The ultimate goal of respiration is to maintain proper concentrations of O2, CO2, and hydrogen ions in the tissues. It is fortunate, therefore, that respiratory activity is highly responsive to changes in each of these substances.
Excess CO2 or excess hydrogen ions in the blood mainly act directly on the respiratory center, causing greatly increased strength of both the inspiratory and the expiratory motor signals to the respiratory muscles.
Oxygen, in contrast, does not have a significant direct effect on the respiratory center of the brain in controlling respiration. Instead, it acts almost entirely on peripheral chemoreceptors located in the carotid and aortic bodies, and these chemoreceptors in turn transmit appropriate nervous signals to the respiratory center for control of respiration.

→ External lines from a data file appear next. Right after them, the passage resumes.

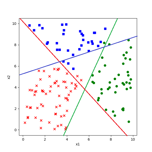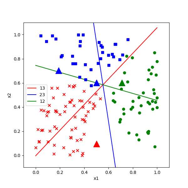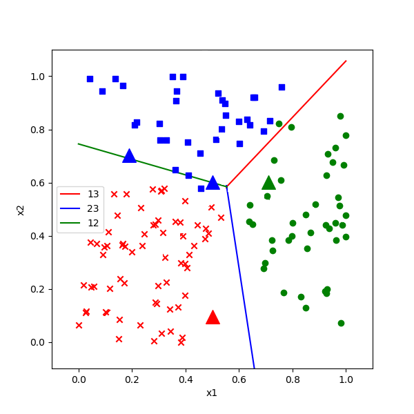 同理,用于分开红色点和其它两类的分割线是蓝色射线和绿色射线,用于分开绿色点和其它两类的分割线是红色射线和蓝色射线。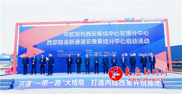 本網(wǎng)訊(記者 艾蓓)3月24日,中歐班列西安集結(jié)中心安康分中心、西部陸海新通道安康集結(jié)分中心啟動活動在安康東站鐵路貨場舉行。市委書記武文罡宣布發(fā)車,并分別與西安國際港務(wù)區(qū)黨工委委員、西安綜合保稅區(qū)專職副主任王運動,重慶市政府口岸和物流辦公室二級巡視員陶亮共同為“中歐班列西安集結(jié)中心安康分中心”“西部陸海新通道安康集結(jié)分中心”揭牌。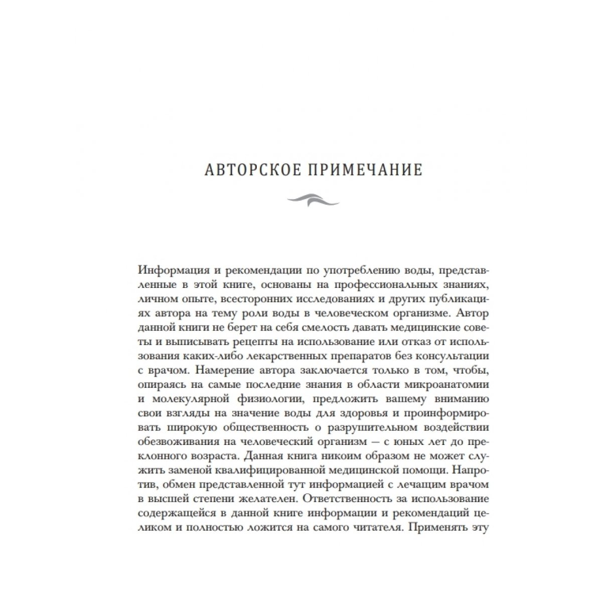Всемирно известный врач и автор книг Ф. Батмангхелидж утверждает, что элементарное упорядочение ежедневного потребления воды и соли избавит вас от десятков болезней. Вы сможете отказаться от дорогостоящих лекарств и насладиться прекрасным здоровьем и самочувствием, если будете следовать его советам.

DIRECT CHEMICAL CONTROL OF RESPIRATORY CENTER ACTIVITY BY CO2 AND HYDROGEN IONS
Chemosensitive Area of the Respiratory Center Be neath the Ventral Surface of the Medulla. We have mainly discussed three areas of the respiratory center: the dorsal respiratory group of neurons, the ventral respiratory group, and the pneumotaxic center. It is believed that none of these is affected directly by changes in blood CO2 concentration or hydrogen ion concentration. Instead, an additional neuronal area, a chemosensitive area, shown in Figure1, is located bilaterally, lying only 0.2 millimeter beneath the ventral surface of the medulla. This area is highly sensitive to changes in either blood PCO2 or hydrogen ion concentration, and it in turn excites the other portions of the respiratory center.

Fig1. Stimulation of the brain stem inspiratory area by signals from the chemosensitive area located bilaterally in the medulla, lying only a fraction of a millimeter beneath the ventral medullary surface. Note also that hydrogen ions stimulate the chemosensitive area, but carbon dioxide in the fluid gives rise to most of the hydrogen ions.
Excitation of the Chemosensitive Neurons by Hydrogen Ions Is Likely the Primary Stimulus
The sensor neurons in the chemosensitive area
are especially excited by hydrogen ions; in fact, it is believed that hydrogen ions may be the only important direct stimulus for these neurons. However, hydrogen ions do not easily cross the blood-brain barrier. For this reason, changes in hydrogen ion concentration in the blood have consider ably less effect in stimulating the chemosensitive neurons than do changes in blood CO2, even though CO2 is believed to stimulate these neurons secondarily by changing the hydrogen ion concentration, as explained in the following section.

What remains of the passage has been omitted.